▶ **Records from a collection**
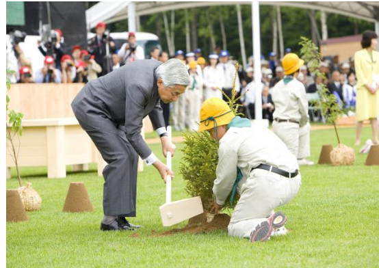
アカエゾマツのお手植え
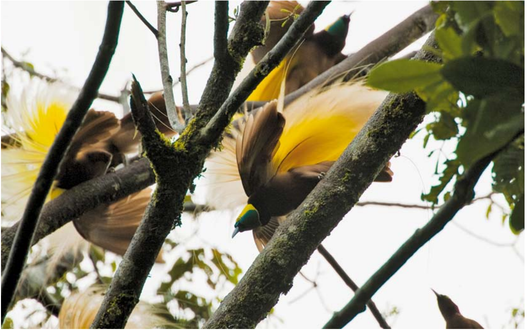
181 Greater Birds-of-Paradise / Grote Paradijsvogels Paradisaea apoda , Kiunga, Western Province, Papua New Guinea, 22 October 2006 (Otto Plantema)
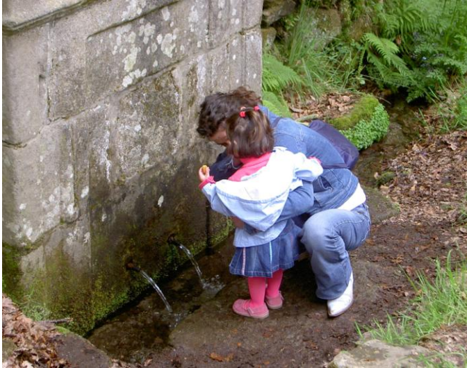
CATIVA BEBENDO DA AUGA DA FONTE DO SAN ALBERTE (SAN BREIXO) (GUITIRIZ)
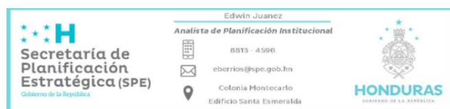
Figura 1: Convocatoria por parte de la Secretaría de Planificación Estratégica (SPE), para la socialización del Plan Estratégico Institucional.

Agradeciendo de antemano su fina atención, reiteramos las muestras de nuestra más alta y distinguida consideración
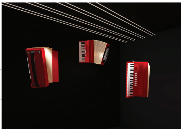
Fot. 7. Pawilon – Zespoły instrumentalne (projekt: Ewelina Mamet)
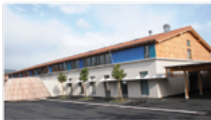
Nouvelle école Brillié (p. 19)
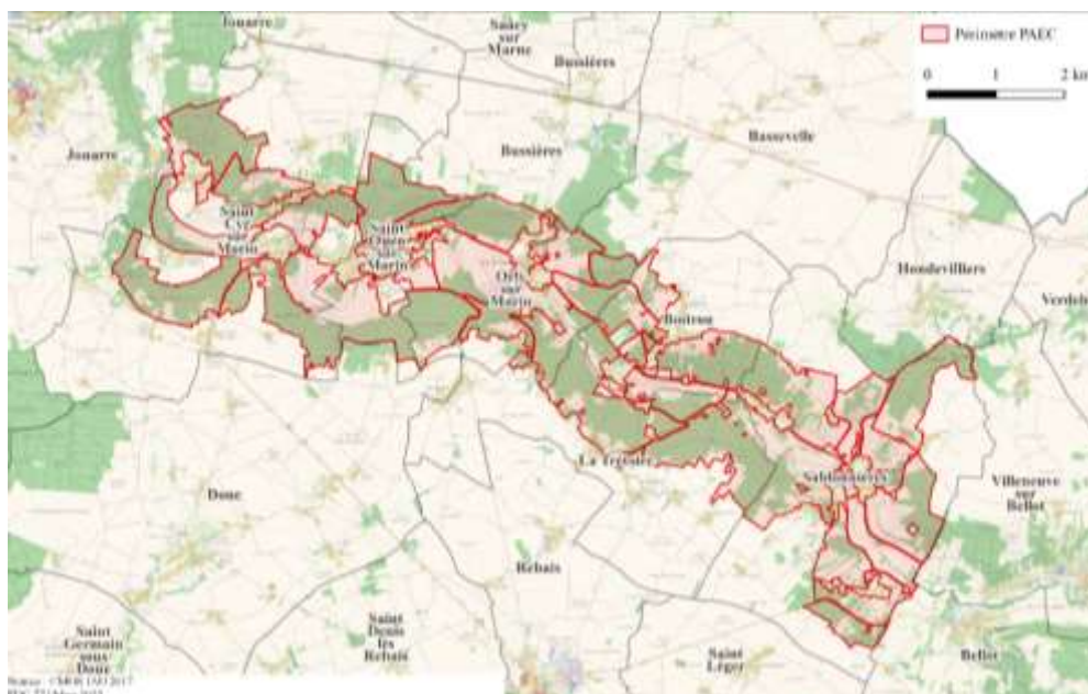
Carte du territoire « Petit Morin »

Les communes comprises dans le territoire du PAEC « Bassée-Morin » sont les suivantes :
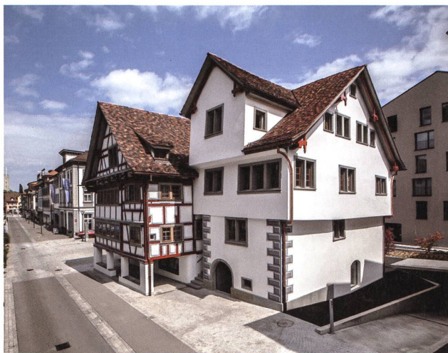
Rheineck, Krone und Laterne nach Jahren der Verlotterung frisch renoviert. Foto architekten : rlc ag, Rheineck.

mern, Planenden, Handwerksleuten und Restaurierungsfachleuten vermerken. Es sind Beispiele, die Mut machen, anregend und – hoffentlich – auch ansteckend wirken. Ganz besonders erfreulich ist der gelungene Abschluss der Renovations- und Erneuerungsarbeiten im Kronenareal Rheineck, gerade weil diese Aufgabe anfänglich so schwerfällig anlief, weil die Hürden zeitweise unüberwindbar schienen und weil die Bauten als hoffnungslos baufällig bezeichnet wurden. Auch die Krone wurde für einen «Schandfleck» gehalten – aus ihr ist ein Vorzeigebau geworden.
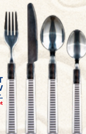
KOMPLET SZTUĆCÓW LINSE 24 szt. Banquet

▶ **Brief**
Starting with the line that has "Nouvelle école Brillié (p. 19)" and going on through the line that has "Rheineck, Krone und", transcribe the records above exactly, but skip the pictures.

▶ **Solved problem**
Nouvelle école Brillié (p. 19)
Carte du territoire « Petit Morin »

Les communes comprises dans le territoire du PAEC « Bassée-Morin » sont les suivantes :
Rheineck, Krone und Laterne nach Jahren der Verlotterung frisch renoviert. Foto architekten : rlc ag, Rheineck.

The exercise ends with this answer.